Мы оба очень удивились, когда оказались вместе на общественных работах. Я многие месяцы избегал встречи с ним и его родителями, хотя жили они тут же в пригороде, на одной из приморских улиц, как полагалось обеспеченным людям. Он рассказал, что по совету родителей зарегистрировался безработным, ведь он, теоретически говоря, нигде не работает, так почему бы и ему не воспользоваться возможностью разжиться парой шиллингов на карманные расходы? Несколько последующих лет, пока продолжалась депрессия, он брал меня с собой на рыбалку, обогащая меня новым драгоценным опытом. Многое зависело от прилива и погоды, но в те дни, когда прилив был не слишком высокий и не слишком низкий, нормальный, а утро обещало хорошую погоду, он на рассвете стучался в дверь моей будочки, и у меня почти никогда не хватало духу сказать ему «нет». (А ведь надо было ухаживать за садом и огородом, предстояло перетаскать, может быть, сто ведер воды для поливки, и по дому кое-какие хлопоты были, а потом надо было садиться писать, и по возможности раньше, покуда полуденные лучи солнца не раскалят мою будочку, как печную топку, и всякое усилие, и умственное, и физическое, станет одинаково невозможно. От жары я тупел, соловел; бывало, зайдет кто-нибудь, а я растянулся на земле в тени за домом и сплю. Меня будил раскатистый хохот, похожий на гогот птицы киви, но я не обижался, ведь это не со зла, а по неведению. Смех, да и только! Вот, оказывается, на что я трачу время! Везет же некоторым, неплохая у них житуха! Я не спорил, но, дожидаясь, пока разговор перейдет на другие, более приятные и менее бесчеловечные, темы, вспоминал свои итальянские впечатления: в полдень, бывало, видишь, как какой-нибудь работяга — подметальщик улиц прислонил к стене свою тачку, уселся в ее тени и ест хлеб с колбасой, запивая красным вином из бутылки, а потом, глядишь, он уже спит, подложив под голову сложенную куртку и закрыв лицо широкополой шляпой.
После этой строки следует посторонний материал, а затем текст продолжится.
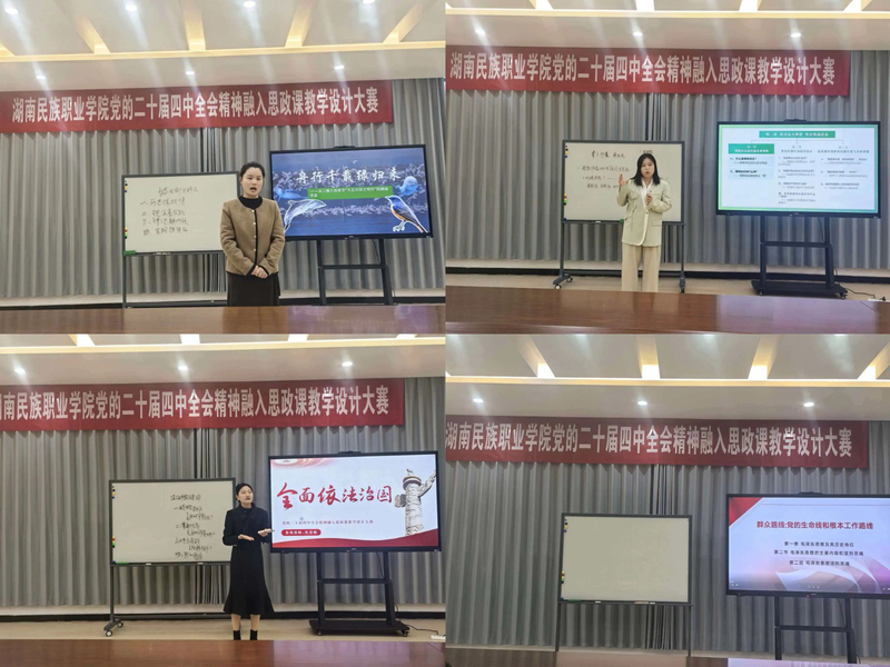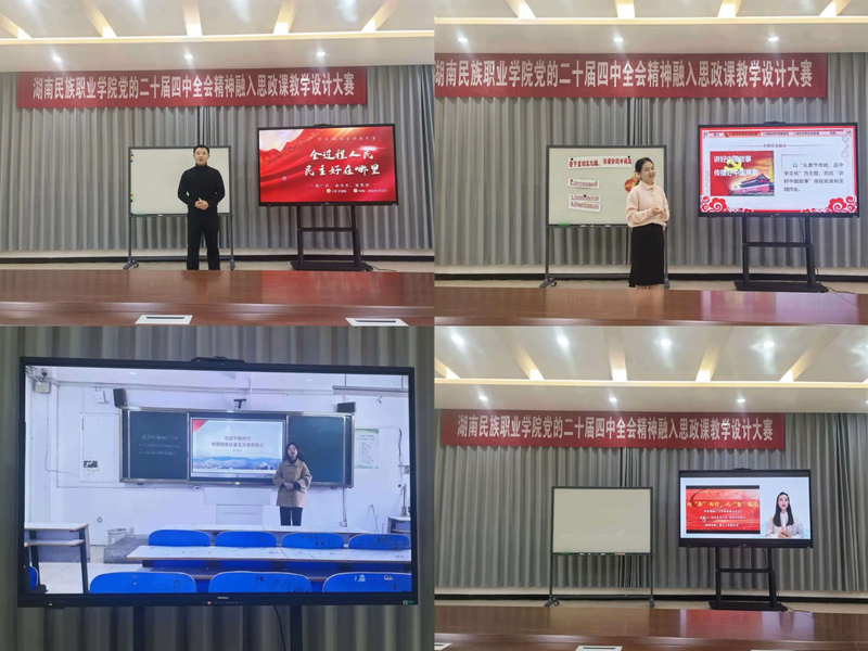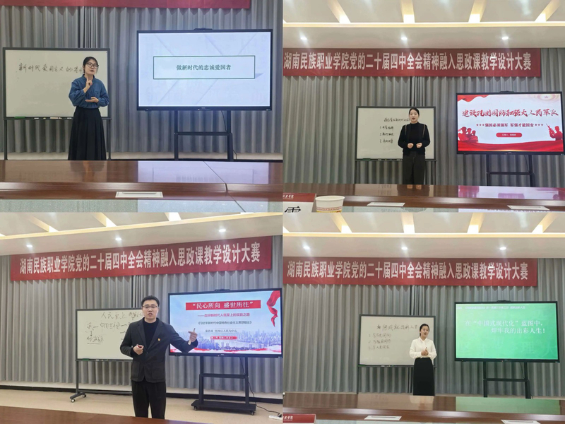 近日,湖南民族职业学院在可桢楼204会议室举办党的二十届四中全会精神融入思政课教学设计大赛决赛。学校党委书记刘朝晖、副校长王永等校领导出席活动,并特邀湖南铁道职业技术学院贺彩霞、长沙民政职业技术学院马也名、重庆城市管理职业学院马璨三位全国高校思想政治理论课教学展示活动特等奖获得者担任评委。马克思主义学院全体教师到场观摩。

И никто, между прочим, над ним, помнится, не смеялся, разве только у туристов-американцев, наводивших на него камеры, слегка поблескивали глаза.)
Но не было у меня сил ответить брату отказом, когда по утреннему небу лениво плыли лишь два-три пушистых облачка и предстояло идти на веслах три мили по зеркальной глади пролива к острову-вулкану, то ли потухшему, то ли просто так притихшему до времени, на котором стоит маяк, угрюмым предостережением вздымающийся среди острых лавовых скал,— что-то такое из «Графа Монте-Кристо», если не тот самый Фарос, прославленный среди греков и римлян, на который когда-то пробралась, пустившись на хитрость с коврами, царица из рода Птолемеев — «любовный пыл цыганки охладить». На то, чтобы догрести до маяка, где, если позволяла погода, мы причаливали и собирали среди скал устриц (незаконно) и мидий (которые брать разрешалось), у нас всегда уходило много времени, так как, едва выйдя на глубокую воду, мы сразу же разделяли обязанности: один продолжал легонько подгребать веслами, чтобы лодка все же продвигалась вперед и чтобы ее не сносило приливным течением, а другой тем временем наживлял приманку на крючки и спускал за борт специальную длинную снасть с двумя камнями на концах и с двумя же поплавками — запаянными банками из-под керосина. От этой снасти тянулись до самого дна штук тридцать лесок, каждая с двумя наживленными крючками и грузилами. Когда за борт переваливался второй камень и вторая банка из-под керосина оставалась покачиваться на воде, так мирно и словно безобидно (на самом-то деле ставить на фарватере глубоководную снасть не позволялось), мы, не забывая весь остаток дня держать на счастье скрещенные пальцы, покуда на обратном пути не удостоверимся, что рыбацкая удача нас не обманула, и гребя по очереди, плыли к скалам собирать устриц и мидий, если, конечно, по всем признакам можно было надеяться на хорошую погоду. Покончив со сборами, мы уплывали дальше по шхерам в бухточку, где был отлогий песчаный берег, и там в тени от скал и кустов ели бутерброды, запивая жидким толокняным киселем, да еще разводили костер (что тоже запрещалось) и жарили мидий и устриц, чтобы не проголодаться на обратном пути, ибо восвояси мы попадали в лучшем случае под вечер.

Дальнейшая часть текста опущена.